Post-Hearing Class Certification Brief
 

 


Case Summary

 

Michael D. Peck (Plaintiff) and his counsel, Robert P. McFarland, Sr., have brought a class action lawsuit against Lanier Golf Club, Inc. (Defendant). Plaintiff is attempting to establish that all 121 adjacent property owners to Lanier Golf Club (Golf Course) should have an implied easement. If this relief is granted, it would prevent the development of the Golf Course for other uses. 

Plaintiff’s motion for class certification is based on the fact that the proposed class is so numerous that a joinder of all members is impracticable, there are common questions of law and fact, and his claims are typical of the claims of the entire class. He certified to the court that he would fairly and adequately protect the interests of the entire class. 

Plaintiff has argued to the court that when each member of the class purchased their lots, the Golf Course was a material part of the value of their property, was the principal incentive for the purchase, and that they paid a premium value for their lots. 

Paul Baron, Randall Bassett, Charles Pratt, Gerald Buran, Jack Waters, Jeffrey Hayes, John Allen, Gerry Sullivan, and Martina Power have all filed affidavits in support of this class action. Defendant’s counsel has conducted a deposition of each of these witnesses, as well as Jim Quinn, Carol McGregor, and Michael Peck himself. Plaintiff’s counsel has deposed Jack Manton and George Bagley. 

On March 25, 2008, the Plaintiff filed a Pre-Hearing Brief which can be viewed under the Summary section of this web site. On April 16, 2008, Judge Albert Pickett conducted an all-day hearing which was to be limited to the issue of class certification. However, just before the hearing, the Defendant filed a motion to limit testimony at the hearing to Plaintiff’s standing to even bring the action. As the hearing progressed, the court ruled on this issue and stated that the Plaintiff had met the test for being the class representative and that he was suitable. Defendant’s counsel argued that this was an improper decision. 

The court did entertain some argument on the ultimate issue in the case. The Plaintiff cited Forsyth County v. Martin, 279 Ga 215 (2005) which is a case that clearly set forth the rights of adjacent homeowners in a lake in Forsyth County: ... the plaintiffs established they purchased their lots according to a subdivision plat which had a lake area designated on it and paid more for their lakefront lots than the purchase price for nonlakefront lots, thereby acquiring an irrevocable easement in the lake (emphasis mine). 

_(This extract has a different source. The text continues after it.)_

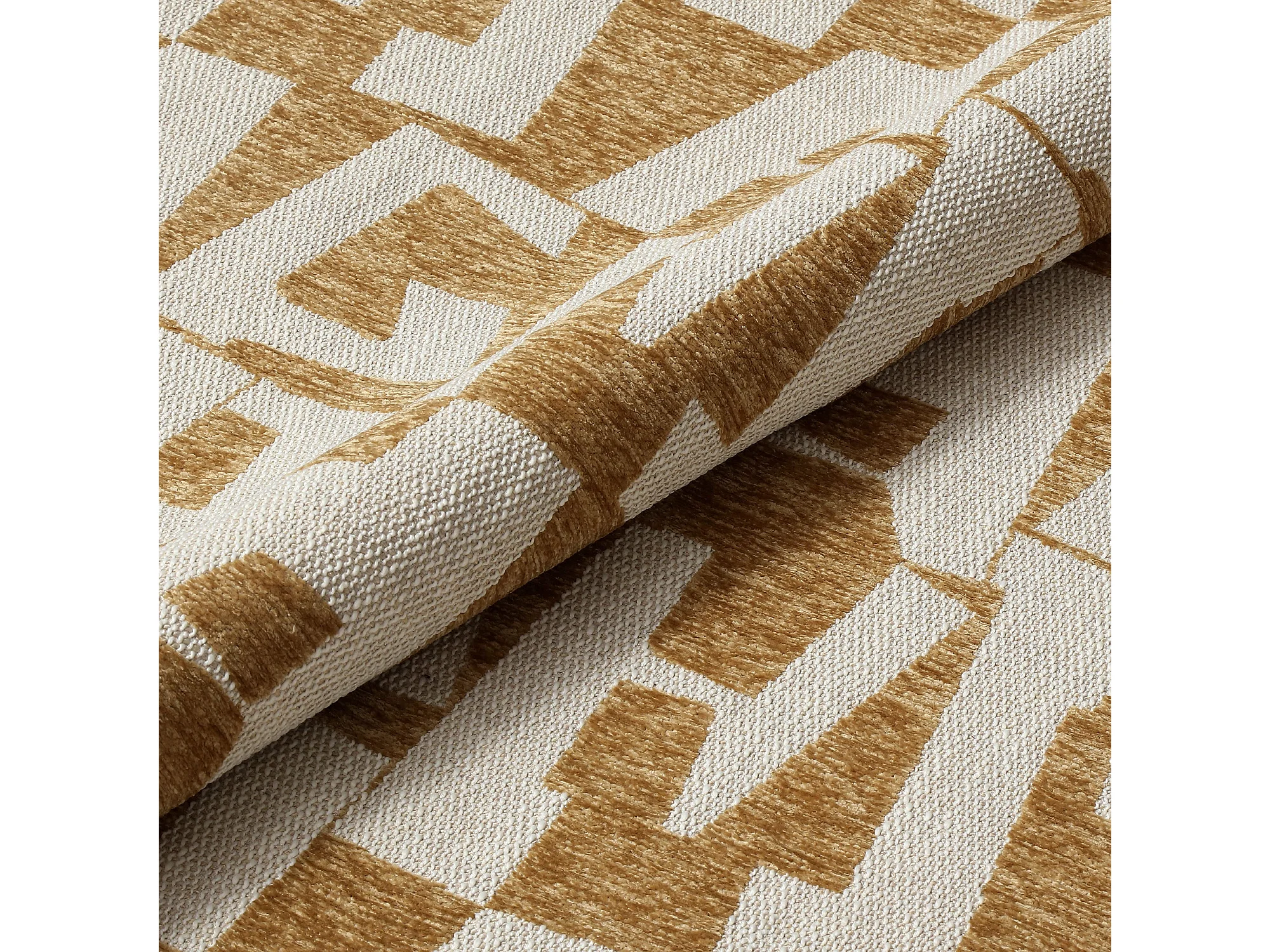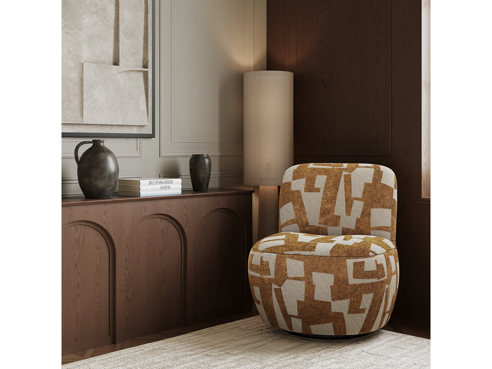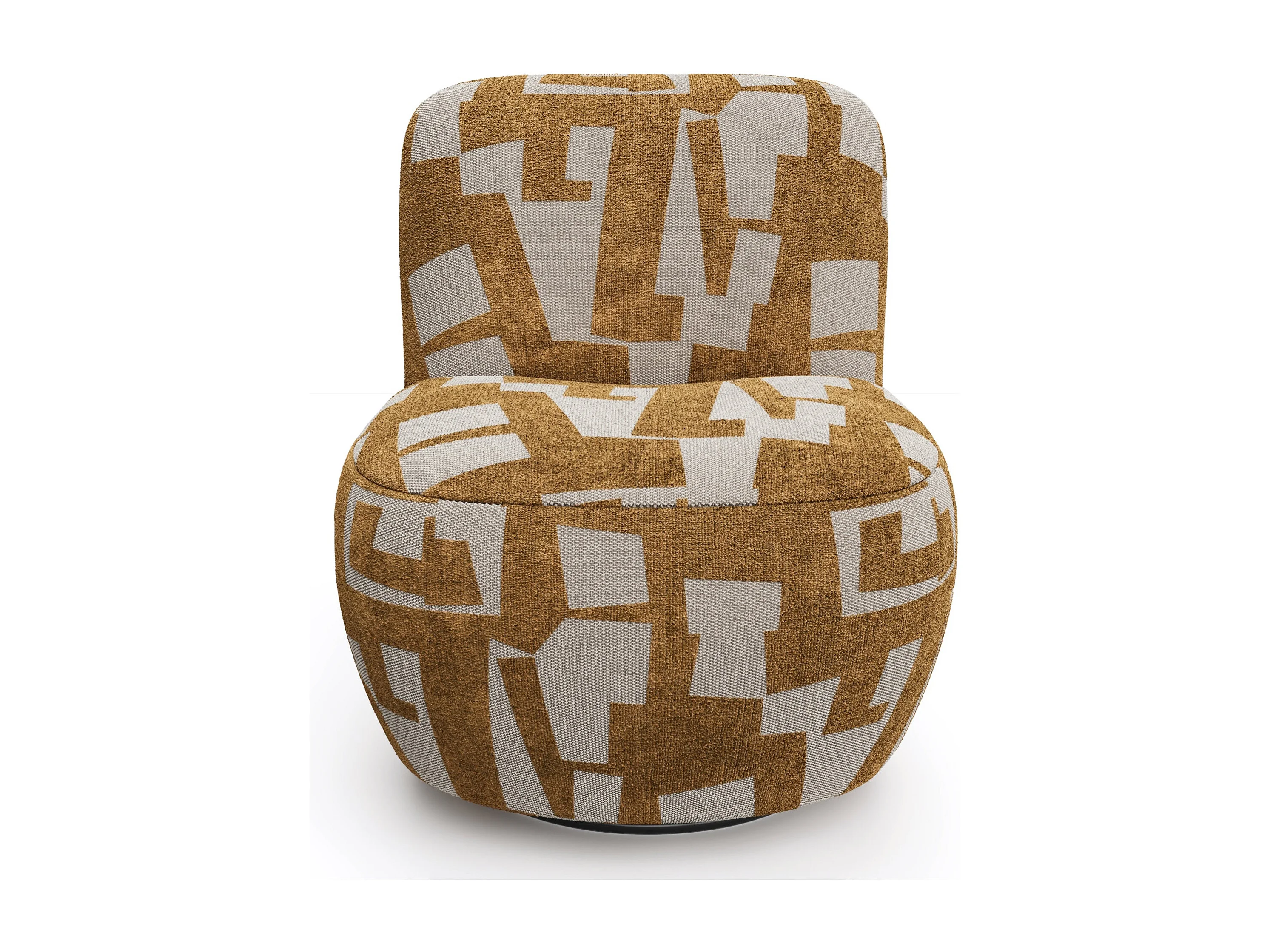 Fauteuil de salon pivotant tissu texturé à motif moutarde JENA

Plaintiff argued that if the holding in the Martin Case is extended to a golf course, then there would be controlling authority in Georgia on this issue. The Plaintiff cited a 1972 case from New Mexico that supported their position: Ute Park Summer Homes Assn v. Maxwell Land Grant Co, N.M., a 1984 case from Arizona, Shalimar Ass’n v. D.O.C. Enterprises, Ltd, 142 Ariz. 36, and finally a 2006 bankruptcy case from South Carolina, In re T 2 Green, LLC, 363 B.R. 753. 

The main issue that is in the breast of the court at this time is the decision on the Plaintiff’s Motion for Class Certification. On June 4, 2008, the Plaintiff filed a 15-page Post-Hearing Brief which can also be viewed under the Summary section of this web site. Defendant should file their response before the end of June, then the Plaintiff will then be allowed a short time to file a Reply Brief. The Plaintiff estimates that the court would be in a position to decide this issue by the middle of the summer. Then the court may adjust the schedule for the remainder of the trial.